## Action item:
In the entries below, begin at the line that has "Gambar 1. Pertumbuhan", stop after the line that has "SanDisk claim that", and output those lines exactly with no pictures.
Supplied records Start Marker
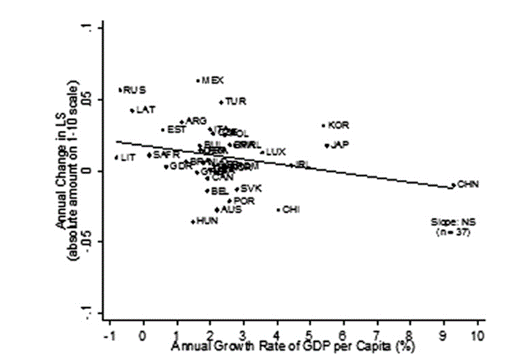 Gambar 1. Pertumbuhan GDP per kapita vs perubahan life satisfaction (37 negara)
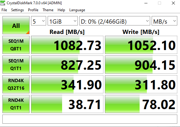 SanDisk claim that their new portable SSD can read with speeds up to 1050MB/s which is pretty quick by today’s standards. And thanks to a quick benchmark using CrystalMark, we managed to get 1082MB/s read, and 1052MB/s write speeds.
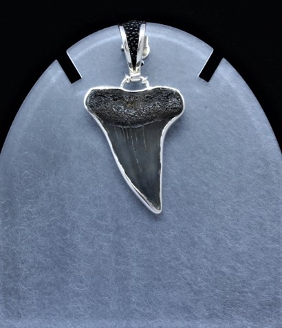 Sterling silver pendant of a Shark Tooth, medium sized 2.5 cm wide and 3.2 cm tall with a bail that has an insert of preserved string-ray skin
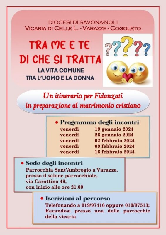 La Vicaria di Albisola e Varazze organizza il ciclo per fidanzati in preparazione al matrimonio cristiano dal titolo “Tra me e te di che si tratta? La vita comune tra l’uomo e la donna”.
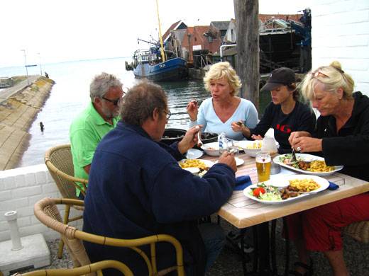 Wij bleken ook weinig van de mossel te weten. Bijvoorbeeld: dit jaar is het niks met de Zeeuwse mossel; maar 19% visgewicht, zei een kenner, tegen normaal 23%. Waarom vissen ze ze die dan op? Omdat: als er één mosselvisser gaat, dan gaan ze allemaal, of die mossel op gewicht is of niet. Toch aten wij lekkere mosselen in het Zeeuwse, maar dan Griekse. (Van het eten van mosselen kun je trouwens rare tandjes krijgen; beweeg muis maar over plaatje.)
Supplied records End Marker
Supplied records Start Marker
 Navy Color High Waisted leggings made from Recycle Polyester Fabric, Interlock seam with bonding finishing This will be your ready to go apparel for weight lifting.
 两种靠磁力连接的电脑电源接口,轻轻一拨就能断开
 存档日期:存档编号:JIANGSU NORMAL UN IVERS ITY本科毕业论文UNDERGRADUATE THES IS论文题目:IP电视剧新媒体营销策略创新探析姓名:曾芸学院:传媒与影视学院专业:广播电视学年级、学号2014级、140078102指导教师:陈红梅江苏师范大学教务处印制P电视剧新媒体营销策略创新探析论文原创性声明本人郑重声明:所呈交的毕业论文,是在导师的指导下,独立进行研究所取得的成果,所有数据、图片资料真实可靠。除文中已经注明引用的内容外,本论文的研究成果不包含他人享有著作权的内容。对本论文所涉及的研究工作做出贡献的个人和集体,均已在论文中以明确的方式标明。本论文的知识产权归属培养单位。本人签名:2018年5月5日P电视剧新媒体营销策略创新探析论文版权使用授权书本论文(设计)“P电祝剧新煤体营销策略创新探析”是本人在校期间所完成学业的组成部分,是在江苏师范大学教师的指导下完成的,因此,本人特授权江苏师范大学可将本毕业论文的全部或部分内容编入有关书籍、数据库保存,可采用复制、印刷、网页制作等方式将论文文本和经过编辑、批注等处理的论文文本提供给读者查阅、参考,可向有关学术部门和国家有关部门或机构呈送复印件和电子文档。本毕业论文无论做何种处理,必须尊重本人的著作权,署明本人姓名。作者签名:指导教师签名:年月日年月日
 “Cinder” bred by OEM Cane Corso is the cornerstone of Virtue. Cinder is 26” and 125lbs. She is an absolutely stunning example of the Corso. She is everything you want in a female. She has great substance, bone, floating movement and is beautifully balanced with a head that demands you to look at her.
Supplied records End Marker
## Answer below:
 Gambar 1. Pertumbuhan GDP per kapita vs perubahan life satisfaction (37 negara)
 SanDisk claim that their new portable SSD can read with speeds up to 1050MB/s which is pretty quick by today’s standards. And thanks to a quick benchmark using CrystalMark, we managed to get 1082MB/s read, and 1052MB/s write speeds.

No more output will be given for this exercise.